For those who cannot get comp.lang.mumps in any other way:

To receive MUMPS-L and comp.lang.mumps:

Send an e-mail message To: The subject line doesn't matter. The message text should consist of the single line: SUBSCRIBE MUMPS-L

Within a short time, you'll get an automated acknowledgement from the list server confirming your subscription and giving other information, and you'll start getting the comp.lang.mumps and MUMPS-L posts.

To post a message to MUMPS-L and comp.lang.mumps: Send an e-mail message To:

Important: Notice the difference in the addresses. To start and stop subscriptions, you address the request to LISTSERV.

Thanks to:

  • American University, for hosting and operating the gateway;
  • Jim McIntosh, , for administering it;
  • Harold Pritchett, , owner and administrator of the MUMPS-L list;
  • and the BITnet organization generally.


Some users have advised making sure that you understand CompuServe's rates, terms, and conditions before using CompuServe to access comp.lang.mumps, as the charges may be higher than anticipated. As of 11/28/94, according to a CompuServe representative (Julie Borders), Newsgroup access is an "extended service" charged by the hour at the same rate as other extended services. "To send Internet e-mail it is $.15 for the first 7500 characters and $.05 for each additional 2500 characters.
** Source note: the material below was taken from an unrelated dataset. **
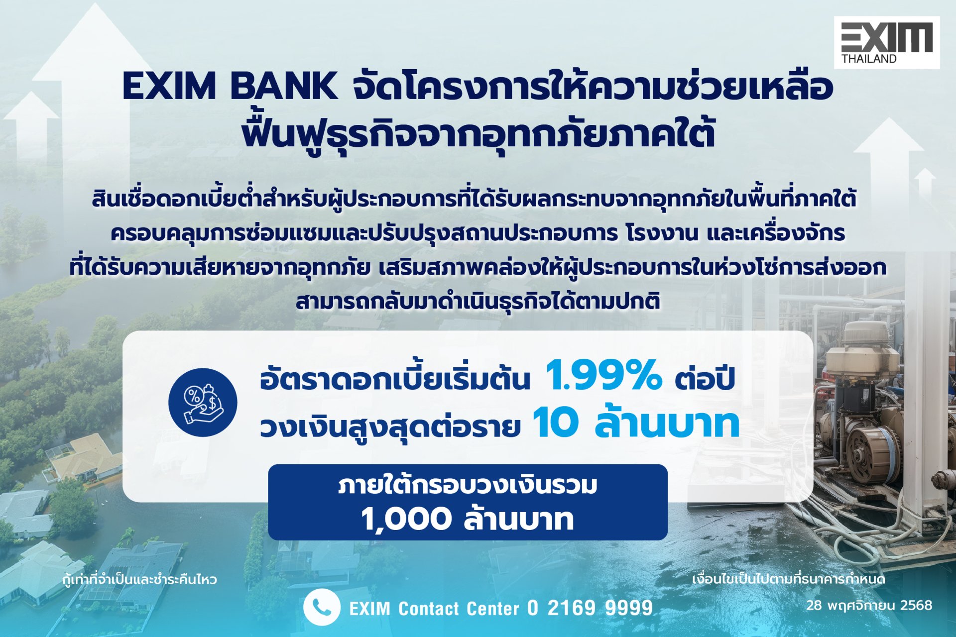 นายชลัช รัตนบุญนิธิ กรรมการผู้จัดการ ธนาคารเพื่อการส่งออกและนำเข้าแห่งประเทศไทย (EXIM BANK) เปิดเผยว่า สถานการณ์ฝนตกหนักต่อเนื่องในภาคใต้ช่วงที่ผ่านมา ส่งผลให้น้ำท่วมฉับพลันและรุนแรง กระทบประชาชน ร้านค้า โรงงานอุตสาหกรรม และแหล่งผลผลิตทางการเกษตรอย่างกว้างขวาง หลายกิจการได้รับความเสียหาย ทั้งเครื่องจักร วัตถุดิบ สินค้าคงคลัง และโครงสร้างพื้นฐาน ทำให้การผลิตหยุดชะงัก การส่งมอบสินค้าล่าช้า และกระทบต่อห่วงโซ่อุปทาน ผู้ประกอบการหลายรายขาดสภาพคล่อง ขณะที่ประชาชนต้องเผชิญความเดือดร้อนจากรายได้และการจ้างงานที่หยุดชะงัก การฟื้นฟูจึงเป็นสิ่งจำเป็นเร่งด่วน เพื่อให้ธุรกิจกลับมาดำเนินการได้ตามปกติ ช่วยให้ประชาชนกลับมาใช้ชีวิตและสร้างรายได้ได้อย่างมั่นคง EXIM BANK จึงจัดทำโครงการให้ความช่วยเหลือฟื้นฟูธุรกิจจากอุทกภัยภาคใต้ ครอบคลุมการซ่อมแซมและปรับปรุงสถานประกอบการ โรงงาน และเครื่องจักรที่ได้รับความเสียหายจากอุทกภัย ตลอดจนเสริมสภาพคล่องให้ผู้ประกอบการในห่วงโซ่การส่งออกสามารถกลับมาดำเนินธุรกิจได้ตามปกติ ด้วยสินเชื่อดอกเบี้ยต่ำ อัตราดอกเบี้ยเริ่มต้น 1.99% ต่อปี วงเงินสูงสุดต่อราย 10 ล้านบาท ภายใต้กรอบวงเงินรวมทั้งสิ้น 1,000 ล้านบาท

It is the same rate to receive Internet e-mail." -- [Daniel P.B. Smith]


CompuServe now offers direct newsreader access to the Usenet newsgroups. CompuServe subscribers may already using the MUMPS-L gateway, as described above. If you are doing this now and are satisfied with this system, there's no need to change.

Here are the steps I took to read comp.lang.mumps on CIS. Depending on exactly how you're set up (for example, whether you're using CIM), the details may be different for you, but everything should be clear once you GO USENET.

For me: the steps were
  • I typed "GO USENET"
  • I chose #6, "USENET Newsreader"
  • I read some pages of warnings, disclaimers, and advice
  • I chose #3, "Subscribe to newsgroups"
  • I chose #1, "Subscribe to one known newsgroup"
  • I typed "comp.lang.mumps" in response to the prompt "Newsgroup name"
  • I typed "m" to return to the previous menu
  • I chose #1, "Access your USENET newsgroups."
  • It listed "comp.lang.mumps (18 articles) " as the only newsgroup I'm subscribed to, then offered choices.
  • I chose #3, "Read articles"

Daniel P.B. Smith

4. What are some books about M?

A review of Richard F. Walters' new book, M Programming: A Comprehensive Guide (Digital Press, ISBN 1-55558-167-6) to

The book I've been waiting for.

M is a delightful applications language. Recently I've been struggling with C++ STL, trying to use the "map" container to get perhaps a tenth of the functionality you get from an ordinary M variable, and, believe me, I miss M.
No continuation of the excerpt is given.